Nach ein bisschen suchen, fand ich eine Anleitung im Netz die ich niemandem vorenthalten möchte:
Kann dazu nur sagen: Bei mir läufts super! :) (Konnt zwar noch nicht wirklich was testen, aber das System an sich läuft)
This should actually work in any vmware, but I’ve only done it in
VMWare Fusion (OS X 10.4)
Launch vmware fusion and select a new installation. I chose Linux,
and a linux 2.6 kernel and then labelled it BackTrack2-Final. I did
this intentionally as there is a new release of BT coming out that I
also intend on installing ;)
For the sake of speed, I launched BT from the downloaded ISO rather
than cd, but either should work fine. I went with the default 8G
option but opted to have the files split into 2G each.
Log in using root/toor, then startx
Open a terminal and do the following:
fdisk /dev/sda
We’re going to create 3 partitions at this point. The first
partition is overly generous at 100M, but I’m funny like that. The
second is our swap partition which I generally make 1024M/1G. We
assign the remainder of the disk to eventually be used as /
Within fdisk, issue the following commands to do this.
n
p
1
enter
+100M
a
1
n
p
2
enter
+1024M
t
2
82
n
p
3
enter
enter
w
The w command within fdisk will write your changes to disk.

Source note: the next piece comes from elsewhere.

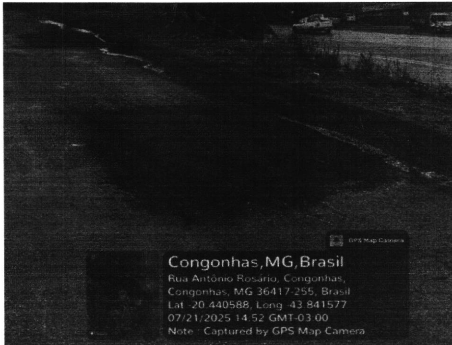
Rua Antônio Rosário

I’m a fan of ext3, so I then did the following:
mke2fs -j /dev/sda1
mke2fs -j /dev/sda3
mkswap /dev/sda2
swapon /dev/sda2
This will make sda1 and sda3 ext3 filesystems and enable swap on sda2.

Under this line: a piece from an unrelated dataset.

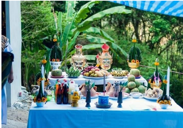
ภาพที่ 3 เครื่องบวงสรวงไหว้ครู

2.7.4 ขั้นที่ 4 การปลุกเสกวานยา พระอาจารย์จะนำวานยาทุกชนิดมาลงอักขระเลขยันต์ และปลุกเสกเพิ่มความขลัง ความศักดิ์สิทธิ์ให้มากยิ่งขึ้น เพราะโดยธรรมชาติเชื่อกันว่า วานยาแต่ละชนิดจะมีความศักดิ์สิทธิ์ และมีสรรพคุณทางยาอยู่ในตัวแล้ว ดังนั้นการปลุกเสกของพระอาจารย์จึงเป็นการเพิ่มพลังความศักดิ์สิทธิ์ให้เกิดมากขึ้น ส่วนเครื่องวานยาสำคัญที่ใช้ในการประกอบพิธีมีมากไม่ต่ำกว่า 108 ชนิด วานยาเหล่านี้บางชนิดหายากบางชนิดหายากต้องใช้เวลาแรมปี บางชนิดใช้ราก บางชนิดใช้ลำต้น หรือบางชนิดใช้ราก ใบ ดอก และผล เรียกว่า “เบญจภาคี” เป็นส่วนผสมในการแช่วานยา

Now cd to /tmp and do the following.
mkdir boot
mkdir bt2
mount /dev/sda1 boot
mount /dev/sda3 bt2
Ok, now launch the BT Installer from the KDE start menu, located
under System as BackTrack Installer. The place you are installing to
is /tmp/bt2 and I chose a full install since I have the space for it.
There may be a significant pause at 80%. Don’t Panic. This is
normal, just wait it out. You are free to panic if it’s still there
30 minutes later, but it shouldn’t take that long at all.
Viola. You have a BackTrack2 install in VMWare to use and abuse to
your hearts content on your macbook :)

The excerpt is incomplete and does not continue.